Samples of Avicel (50 g L−1) or PWS (20 g L−1), 1 µM TtLPMO9E, 2 mM ascorbic acid in 50 mM citrate buffer pH 6 in a final volume of 200 µl were incubated in an Eppendorf ThermoMixer C at 50 °C. At varying time points (0–24 h), the enzymatic reaction was quenched by the addition of NaOH to a final concentration of 50 mM.
After 24 h, the samples were centrifuged at 1800×g and the supernatant was used for measuring C1-oxidized sites as described below.
The pellet was further hydrolyzed for measuring C1-oxidized sites in the insoluble fraction. The pellet was washed five times in 200 µL 50 mM citrate buffer pH 5, by centrifugation and resuspension, to decrease pH and remove soluble sugars.
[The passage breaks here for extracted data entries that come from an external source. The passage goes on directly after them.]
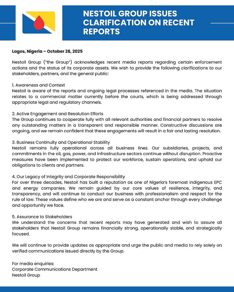 Nestoil Group (“the Group”) acknowledges recent media reports regarding certain enforcementactions and the status of its corporate assets.
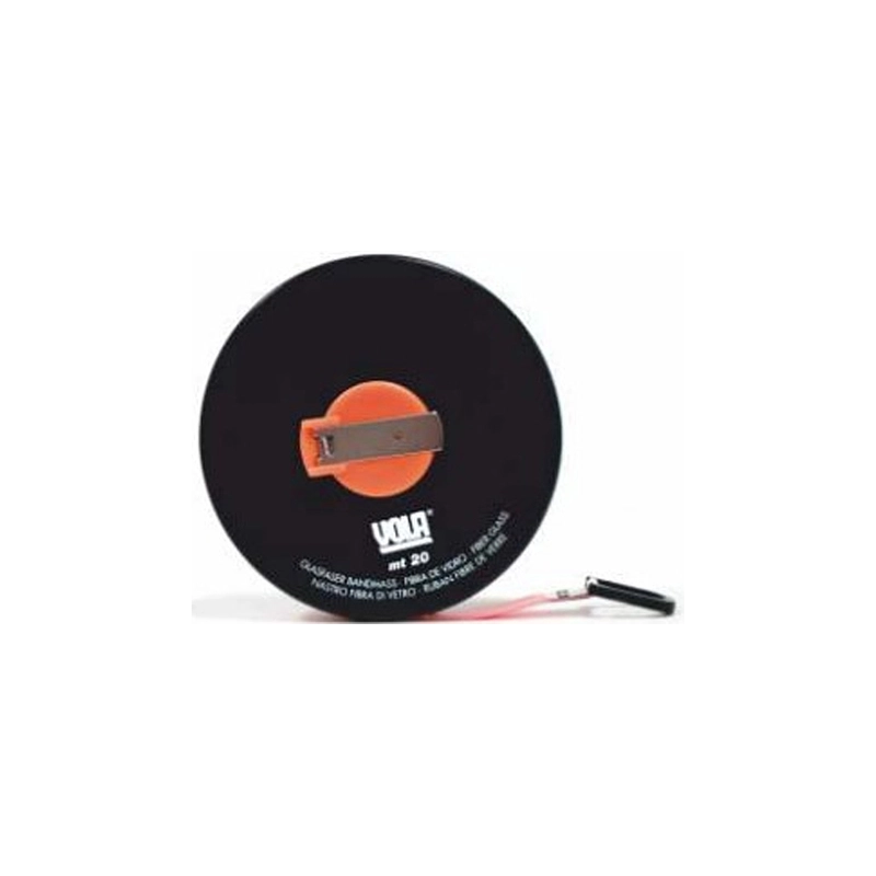Rotella metrica con scatola in materiale plastico (ABS) antiurto. Manovella di riavvolgimento del nastro pieghevole. Nastro in fibra di vetro. CLASSE III. Modello = lunghezza mt
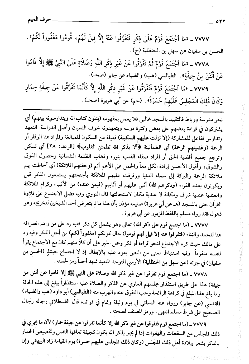 7777 - (ما اجتمع قوم على ذكر الله) تعالى وهو يشمل كل ذكر ففيه رد على من زعم انصرافه هنا للحمد والثناء (فتفرقوا عنه إلا قيل لهم قوموا) حال كونكم (مغفورا لكم) من أجل الذكر وفيه رد على مالك حيث كره الاجتماع لنحو قراءة أو ذكر وحمل الخبر على أن كلا منهم كان مع الاجتماع يقرأ لنفسه منفردا وفيه استنباط معنى من النص يعود عليه بالإبطال إذ لا اجتماع حينئذ.
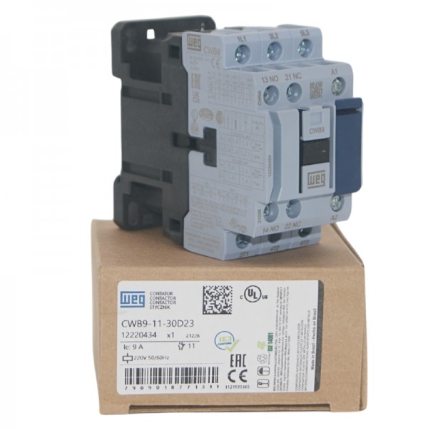 Os Contatores, em geral, são dispositivos eletromecânicos que fazem o controle on/off de cargas elétricas a partir de um circuito de comando. Sendo assim, a linha de Contatores Weg CWB, foi produzida através de resultados obtidos pela análise de softwares de modelagem para simulação de sistemas eletromagnéticos e eletromecânicos, desse modo, os contatos elétricos dos contatores CWB são fabricados com ligas especiais de prata, que asseguram excelente condutividade elétrica e alta confiabilidade de contato. Durante a operação, os contatos de abertura dupla e as câmaras de extinção garantem a rápida extinção do arco e uma elevada resistência contra os efeitos de desgaste do arco elétrico, e consequentemente, uma longa vida elétrica. Cod:013238
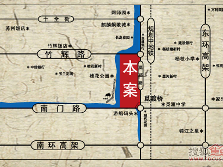 苏州·新天地商业街地块位于苏州市沧浪区内。地块西临苏州古城护城河并与护城河内环古城风貌带中的旧城堞影和觅渡揽月两大景点遥遥相望;地块东沿以苏州历史上著名的铸剑大师姓名命名的莫邪路。南望代表古代造桥工艺的历史古桥觅渡桥和代表现代造桥技术的新觅渡桥。

The pellet was resuspended in 50 mM citrate buffer. Cellobiohydrolase I (CBHI) from Trichoderma longibrachiatum was added to a final concentration of 0.5 g L−1 in a final volume of 200 µL. The samples were incubated in an Eppendorf ThermoMixer C at 50 °C for 24 h at 1100 rpm after which the samples were centrifuged. The supernatant was used for measuring C1-oxidized sites revealed by the CBHI as described below.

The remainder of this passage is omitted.